July 23, 2018
At 7:30 in the morning, more than 1700 milling employees and their family, friends, and supporters, gathered in Minneapolis, picnics in hand, to board special trains that would carry them to Lake Minnetonka for the fourth annual Head Millers’ Association picnic.
The city’s flour mills were shut down for the day so that all employees had an opportunity to join in the festivities. It was an opportunity to celebrate the growth of milling in Minneapolis. Like any such celebratory event, it included plenty of speeches, as well as a baseball game, music and dancing, a banquet at the Hotel Lafayette, boat rides, and – what else? — flour sack races.
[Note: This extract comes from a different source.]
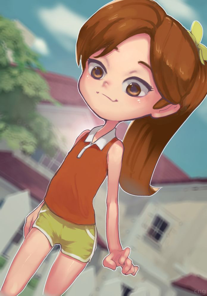 1girl blush brown_eyes brown_hair cloud conoghi green_ribbon green_shorts hair_ribbon house in_a_heartbeat long_hair looking_at_viewer ponytail red_shirt ribbon shirt shorts sky sleeveless sleeveless_shirt smile sunny_(in_a_heartbeat) tree walking

The picnic was covered extensively in the local newspapers, where it was proclaimed “the most successful picnic ever given at Lake Minnetonka.” In the words of a particularly enthusiastic journalist at the Sunday Tribune:
“Whether it was the efficient management, the absence of dissipation and the real pleasure unmixed with dissipation at these gatherings, or because the custom was inaugurated by a class of men to whom Minneapolis feels she owes her marvelous prosperity and rapid advancement, or whether both combined at once,the occurrence of the millers’ picnic was a season for a general turning out on a grand gala day, and each year the number participating has increased, and yesterday occurred the greatest and the best of them all.”
-Minneapolis Sunday Tribune, June 22, 1884
This miniature flour sack invitation now resides in the permanent collection at Hennepin History Museum, a reminder a fantastic summer day at the lake many years ago.